The truth is, he is not completely wrong, I was probably not giving the marriage my all. I got impatient with him when he tried to talk to me about being unhappy. He said he didn’t want therapy but I never asked him why, I just was mad at him. Maybe there are ways I took him for granted. And made it hard for him to feel like he could work things through with me. Maybe I was being blind.

I feel so hurt and rejected. And stupid. Like I was living in one world and he was living in another. I feel so ashamed of myself for not noticing that my world was not what i thought. And hating on him and his new gf is easier than asking myself if part of this is my fault too.

I know I can’t make him want to be with me if he just doesn’t. And I know I should not want to be with someone who was unhappy with me. I just still feel sick about it.

Thank you for letting me vent, DCUM.


I'm sorry OP. You are in good company. Seriously. You are not alone and lots and lots of other people have been blindsided by a cheating spouse.

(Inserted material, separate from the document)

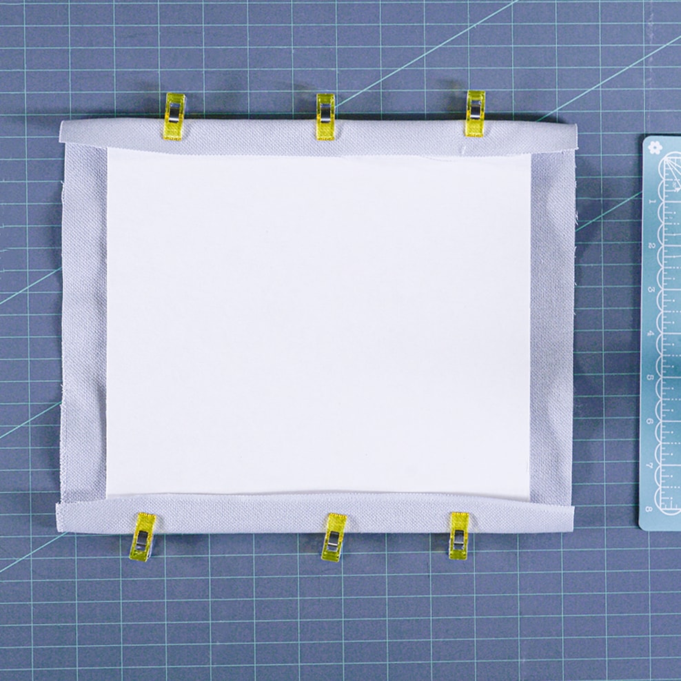 TIP: Use Wonder Clips to hold the fabric before you hot glue to check the placement on the front.

Check out chumplady website and messageboard

Your marriage is now over. Divorce turns an emotional relationship into a business relationship. You are now in the business of looking out for yourself and unwinding the life you build with this f*ckwit. Get yourself a therapist for emotional support, get yourself a lawyer for legal advice and start reviewing your expenses to figure out what you need from the divorce.

Hold your head high. Life is better without dragging a reluctant dude along for the ride. Don't accept anyone in your life who isn't absolutely psyched to be there. The other woman deserves not a moment of your time or attention.


NP, and on the road to indifference. Maybe this explains why in some ways things got easier/better with my cheating ex as the marriage crumbled. he's always been a transactional person and when I stopped bidding for emotional support and began treating everything transactionally things were much clearer and more rational.
Anonymous
Anonymous wrote:This is OP. Maybe it is right that I need to focus my emotions on getting past this. Not on burning his world down. I am struggling with how angry I feel. His GF is not younger, she is a colleague of his that I have never met who also has grown kids and is divorced. And I don’t know when they started their thing. I know they have been “friends” for years. But it’s possible that nothing sexual happened until after our separation. I don’t know. I want to hate her, even though I know this is not really her “fault.” I’ve seen her picture on the company website and she is attractive and really successful. I feel like all the beautiful people are getting together and I’m being left behind. Like i have failed to be interesting enough or pretty enough or successful enough.
And it makes me want to make them feel as miserable as I do.

The truth is, he is not completely wrong, I was probably not giving the marriage my all. I got impatient with him when he tried to talk to me about being unhappy. He said he didn’t want therapy but I never asked him why, I just was mad at him. Maybe there are ways I took him for granted. And made it hard for him to feel like he could work things through with me. Maybe I was being blind.

I feel so hurt and rejected. And stupid. Like I was living in one world and he was living in another. I feel so ashamed of myself for not noticing that my world was not what i thought. And hating on him and his new gf is easier than asking myself if part of this is my fault too.

I know I can’t make him want to be with me if he just doesn’t. And I know I should not want to be with someone who was unhappy with me. I just still feel sick about it.

Thank you for letting me vent, DCUM.


Respectfully, OP, stop with the internal fault-blaming. No one is perfect. Your brain is falling into a common logical trap. First, throw out the myth that being a bad partner somehow drives someone to cheat — that logic assumes the other person is perfect, because if imperfection justified infidelity, you’d have cheated too. You still deserve honesty and respect. Really ask yourself what actions would ever justify being deceived or betrayed. Chances are, what you’ve listed isn’t anywhere near that threshold (and frankly, it’s hard to think of anything that would).
Anonymous
It doesn’t change the facts - he left regardless. I would get on with the divorce.